Myanmar is adjacent to India, Bangladesh, Thailand, Laos and China. In Myanmar, the prevalence of hepatitis C virus (HCV) infection is 2%, and HCV infection accounts for 25% of hepatocellular carcinoma. In this study, we reviewed the prevalence of HCV genotypes in Myanmar. HCV genotypes 1, 3 and 6 were observed in volunteer blood donors in and around the Myanmar city of Yangon. Although there are several reports of HCV genotype 6 and its variants in Myanmar, the distribution of the HCV genotypes has not been well documented in areas other than Yangon. Previous studies showed that treatment with peginterferon and a weight-based dose of ribavirin for 24 or 48 wk could lead to an 80%-100% sustained virological response (SVR) rates in Myanmar. Current interferon-free treatments could lead to higher SVR rates (90%-95%) in patients infected with almost all HCV genotypes other than HCV genotype 3. In an era of heavy reliance on direct-acting antivirals against HCV, there is an increasing need to measure HCV genotypes, and this need will also increase specifically in Myanmar. Current available information of HCV genotypes were mostly from Yangon and other countries than Myanmar. The prevalence of HCV genotypes in Myanmar should be determined.
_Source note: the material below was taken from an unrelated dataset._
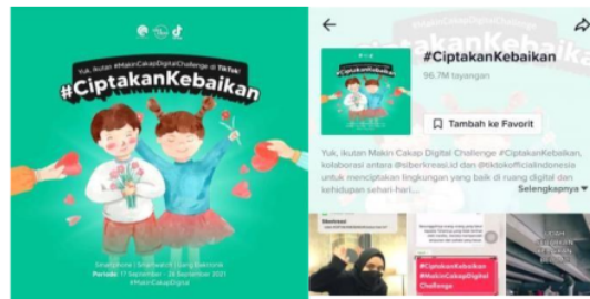
Gambar 1. Bentuk Campaign #CiptakanKebaikan

inspirasi dan edukatif sehingga akan terciptak komunitas yang suportif dan meningkatkan kesadaran akan pentingnya menciptakan kebaikan dan melawan perilaku negatif di ruang digital (wartaekomoni.co.id, 2021).

Keywords: Direct-acting antivirals; Genotypes; Hepatitis C virus; Interferon-free; Myanmar

Core tip: We reviewed the prevalence of hepatitis C virus (HCV) genotypes in Myanmar. HCV genotypes 1, 3 and 6 were observed in volunteer blood donors in and around the Myanmar city of Yangon. Although there are several reports of HCV genotype 6 in Myanmar, the distribution of HCV genotypes has not been well documented in areas other than Yangon. Previous studies showed that treatment with peginterferon and a weight-based dose of ribavirin for 24 or 48 wk could lead to an 80%-100% sustained virological response in Myanmar.